# Preparation Evaluation -Editorial

Difficulty
Easy

Prerequisite
Observation

Explanation

Case 1: A[i] > A[j] and i > j
|A[i] - A[j]| = A[i] - A[j]
|i -j| = i - j

hence, f(i, j) = (A[i] + i) - (A[j] + j)

Case 2: A[i] < A[j] and i < j
|A[i] - A[j]| = -(A[i]) + A[j]
|i -j| = -(i) + j

hence, f(i, j) = -(A[i] + i) + (A[j] + j)

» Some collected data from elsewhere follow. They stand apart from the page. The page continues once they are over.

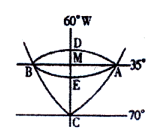 具体解答过程:图中ACB为晨昏线,晨昏线是过地心的大圆,晨昏线ACB正是过A、B两点的大圆,因此,劣弧BCA就是从B地到A地飞行最近的路线。
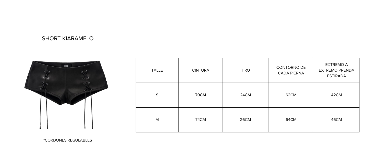 DESCRIPCION DE LA PRENDA: Short de cuero con ojalillos y cierre en su trasero. Talle S y M. De cuero premium
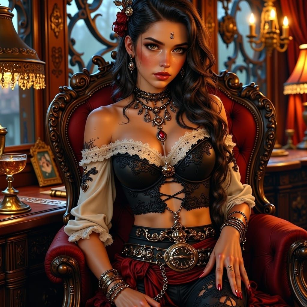 A highly detailed 4K image of a beautiful pirate captain in an ornate cabin, wearing lace attire and adorned with jewelry, enjoying rum. Features warm, golden lighting and exquisite textures.
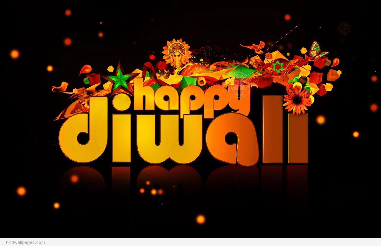 Description: A happy diwali text with flowers and butterflies on it in the dark background with a black background.
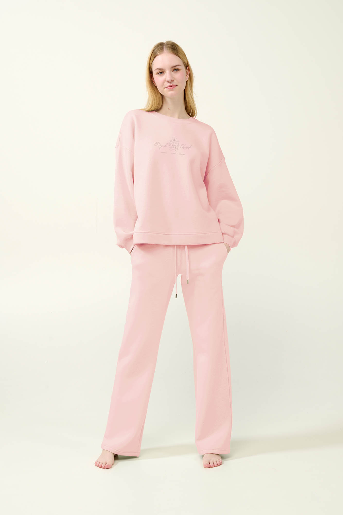 Επιλέξτε μια γυναικεία χειμερινή φόρμα σε απαλές παστέλ αποχρώσεις, κατασκευασμένη από πλούσιο σε βαμβάκι φούτερ, με ζεστή και απαλή υφή, ιδανική για χαλάρωση στο σπίτι αλλά και για casual εξόδους. Το πάνω μέρος είναι σχεδιασμένο με μανσέτες στα μανίκια για άνετη εφαρμογή και διακριτικό τύπωμα στο στήθος ενώ το παντελόνι διαθέτει τσέπες στο πλάι. Ένα καθημερινό σετ που θα σας χαρίσει άνεση και πρακτικότητα.
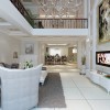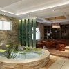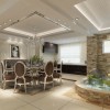 本套为混搭风格装修,餐厅地面采用的是大理石装修,吊顶采用石膏板进行平顶吊顶,石膏板上的银色茶镜,增加了空间的亮度,餐厅是采用欧式的风格,高端大气上档次的餐桌,一家人围绕餐桌一起吃饭,非常的热闹,美丽的吊式水晶灯绽放出耀眼夺目的光芒,显现出华丽尊贵的气质,倚仗一身通体晶莹的串串垂饰,如若层层叠叠的晶莹果实,垂饰大小体形不一,装饰着宽阔的餐厅,餐厅旁边还有一个不大不小的水池,池里有“出淤泥而不染,”的莲花,美丽极了,空间整体营造出富贵浪漫的氛围。
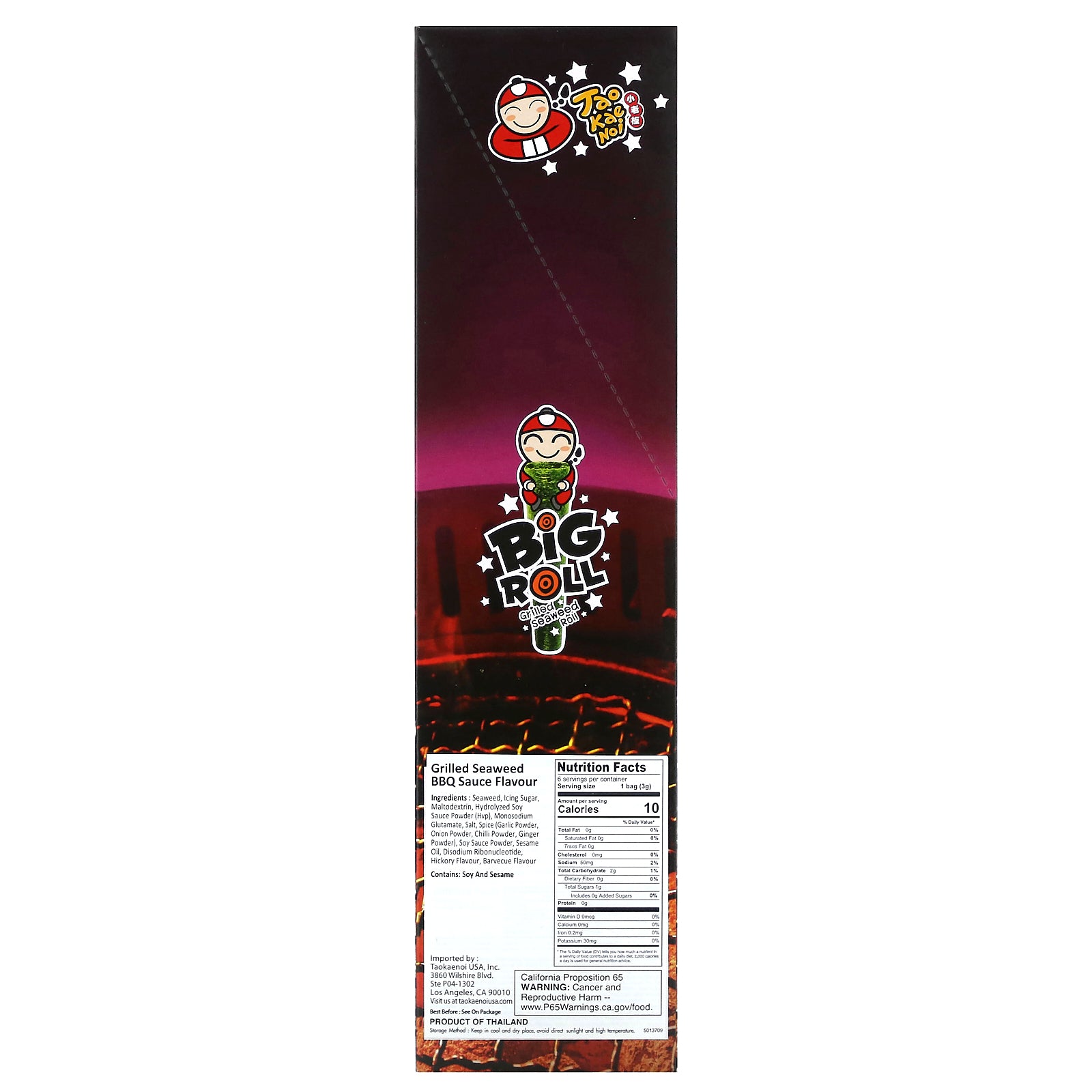 Seaweed, icing sugar, maltodextrin, hydrolyzed soy sauce powder (HVP), monosodium glutamate, salt, spice (garlic powder, onion powder, chili powder, ginger powder), soy sauce powder, sesame oil, disodium ribonucleotide, hickory flavour, barbecue flavour.
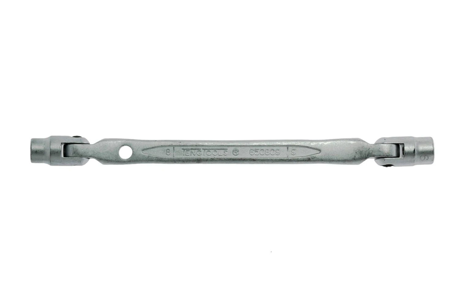 Double flex wrench with different size 12 point sockets at each end. Made from chrome vanadium with a satin finish.
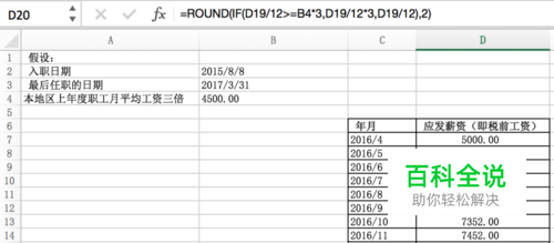 然后,确定月工资标准。 如下图,round函数语法为round(number,digits),digits为2即保留两位有效数字 另外,用if函数IF(logical_test,value_if_true,value_if_false)来判断比较该员工的月工资是否高于当地职工上年度的3倍平均工资。即,若D19/12>=B4*3为真,则月工资为D19/12*3,否则月工资为D19/12
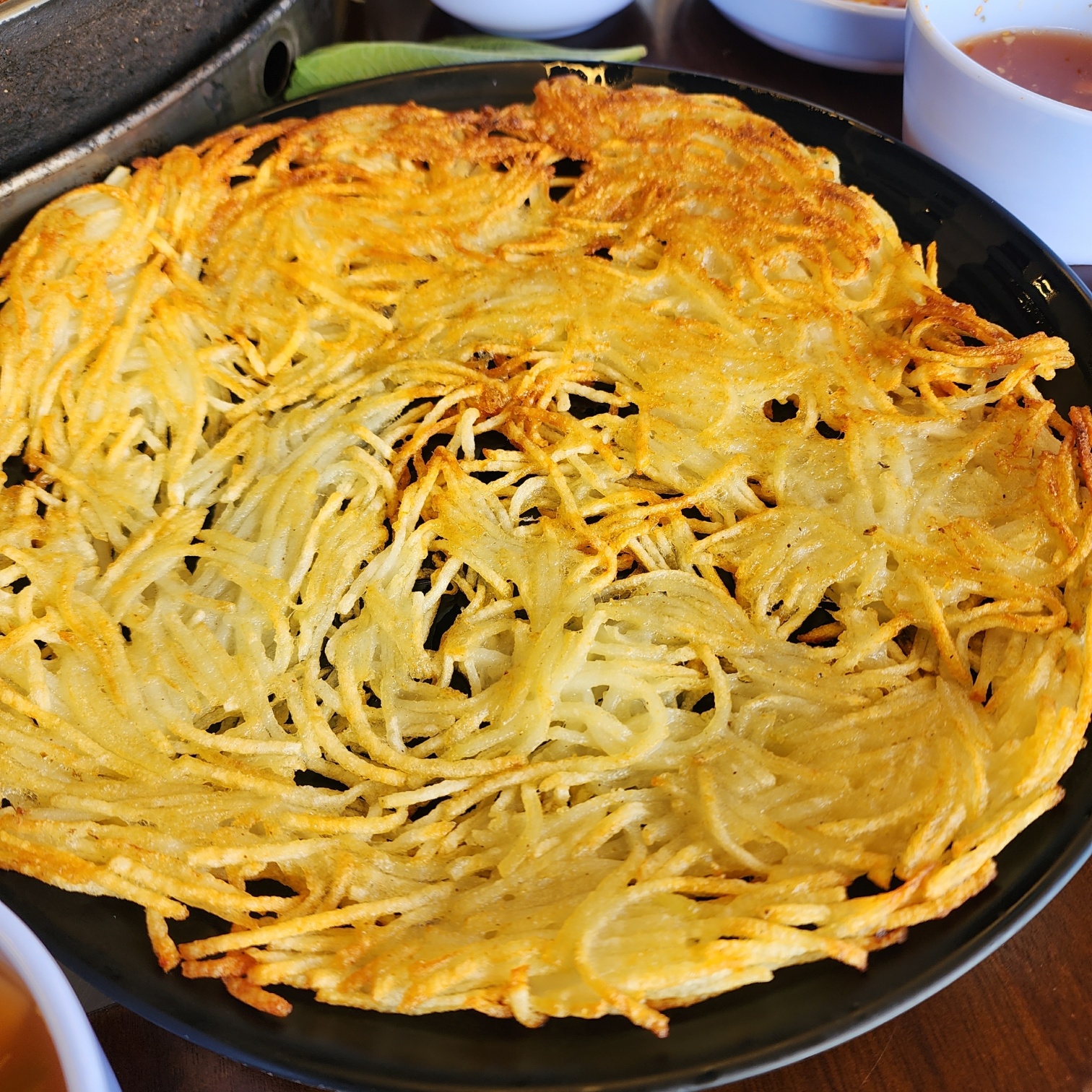 감자체전은 바삭바삭해서 너무 좋았어요! 저는 바삭한 식감을 개인적으로 좋아하는데 감자채가 노릇노릇 익어가지고 감튀처럼 끝부분들은 바삭하고 가운데 부분들도 촉촉하면서 생감자 느낌이 아니라 잘 익어서 바삭한 튀김과 전의 중간 느낌이 너무 좋았습니다.

Case 3: A[i] > A[j] and i < j
|A[i] - A[j]| = A[i] - A[j]
|i -j| = -(i) + j

hence, f(i, j) = (A[i] - i) - (A[j] - j)

Case 4: A[i] < A[j] and i > j
|A[i] - A[j]| = -(A[i]) + A[j]
|i -j| = i - j

hence, f(i, j) = -(A[i] - i) + (A[j] - j)

Note that case 1 and 2 are equivalent and so are case 3 and 4 and hence we can design our algorithm only for two cases as it will cover all the possible cases.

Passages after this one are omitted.